MicroRNA miR-302 inhibits the tumorigenecity of human pluripotent stem cells by coordinate suppression of the CDK2 and CDK4/6 cell cycle pathways


WJWU & LYNN Institute for Stem Cell Research, Santa Fe Springs, California 90670, USA. shilungl@mirps.org


miR-302 is the major microRNA found in human embryonic stem cells and induced pluripotent stem cells, but its function has been unclear. In mice, there is evidence that miR-302 may silence p21Cip1 (CDKN1A) to promote cell proliferation, whereas studies in human reprogrammed pluripotent stem cells suggested that elevated miR-302 expression inhibited cell cycle transit. Here, we clarify this difference, reporting that in human cells, miR-302 simultaneously suppressed both the cyclin E-CDK2 and cyclin D-CDK4/6 pathways to block>70% of the G1-S cell cycle transition.

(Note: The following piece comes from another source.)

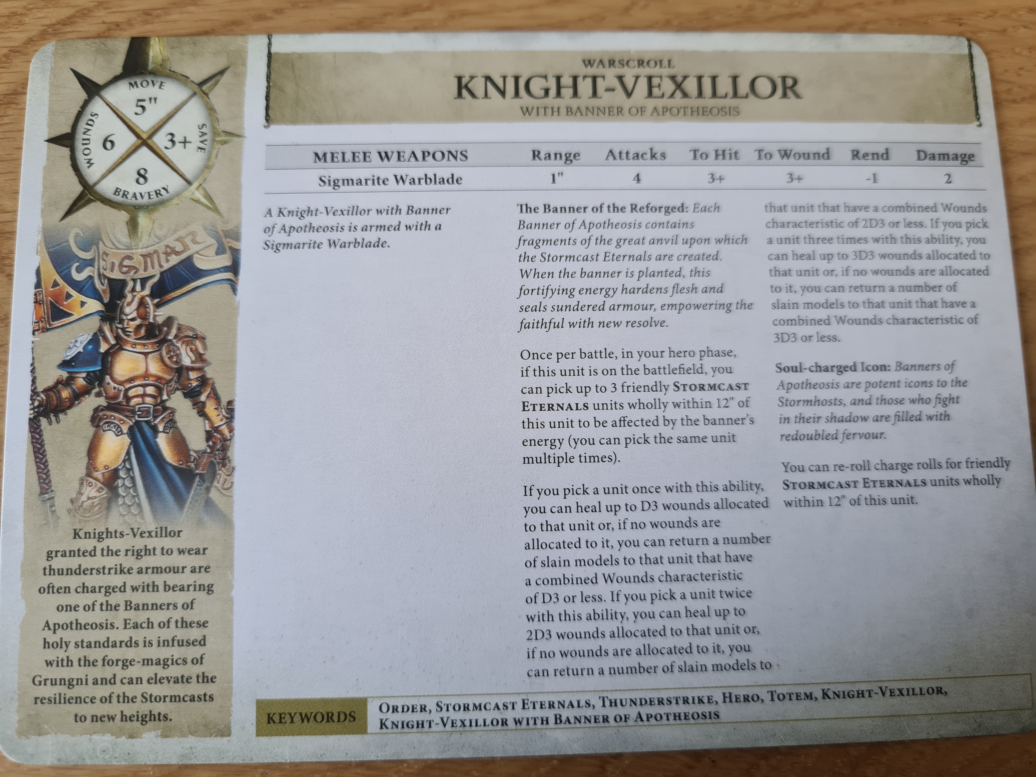 Graced with the longest rules text of this box, the Banner of the Reforged allows you to, once per battle, pick up to three friendly Stormcast units to be affected. Those units either heal D3 or, if no units are wounded, return a number of slain models with a combined wounds characteristic of D3 or less. If you picked only one unit to be affected, the total is 3D3, and if you picked two units, one is 2D3 and the other is D3. Death players, yes, Stormcast have better resurrection than most of you right now, at least in this one model. Remember though that you can’t bring a model back wounded, and with the lowest wounds characteristic in the army being 2 you’re gambling every time you activate this banner. I’d probably recommend picking one unit and doubling down with Yndrasta to potentially bring back four 3 wound models in a single turn.

Concurrent silencing of BMI-1, a cancer stem cell marker targeted by miR-302, further promoted tumor suppressor functions of p16Ink4a and p14/p19Arf directed against CDK4/6-mediated cell proliferation. Among all G1 phase checkpoint regulators, human p21Cip1 was found not to be a valid target of miR-302. Overall, our findings indicate that miR-302 inhibits human pluripotent stem cell tumorigenicity by enhancing multiple G1 phase arrest pathways rather than by silencing p21Cip1.